** Source data follows **
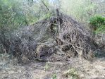 I stumbled across this cave of vines last week. It is about 10' across and 6 1/2' high to the top of the dead tree. It's in a small clearing on private property. I hollowed it out a bit and draged some more vines across the front. I just need to build up the front higher and I'll be done. It is a little tough to see the scale without a someone standing in it. This piece of land does produce a lot of birds, but they won't know what hit 'em.
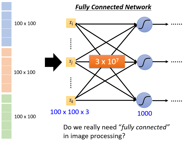 如果輸入的向量長度是 100 × 100 × 3,有 1000 個 neuron,那第一層的 weight 就有 1000 × 100 × 100 × 3,也就是 3×10 的 7 次方,是非常巨大的數目
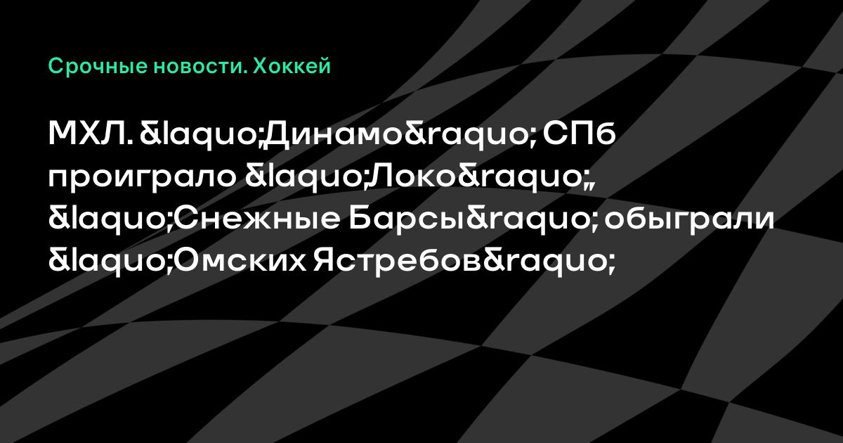 МХЛ. «Динамо» СПб проиграло «Локо», «Снежные Барсы» обыграли «Омских Ястребов»
** End of Source data **
Copy out the material above exactly; the images stay out.

• Finished exercise
 I stumbled across this cave of vines last week. It is about 10' across and 6 1/2' high to the top of the dead tree. It's in a small clearing on private property. I hollowed it out a bit and draged some more vines across the front. I just need to build up the front higher and I'll be done. It is a little tough to see the scale without a someone standing in it. This piece of land does produce a lot of birds, but they won't know what hit 'em.
 如果輸入的向量長度是 100 × 100 × 3,有 1000 個 neuron,那第一層的 weight 就有 1000 × 100 × 100 × 3,也就是 3×10 的 7 次方,是非常巨大的數目
 МХЛ. «Динамо» СПб проиграло «Локо», «Снежные Барсы» обыграли «Омских Ястребов»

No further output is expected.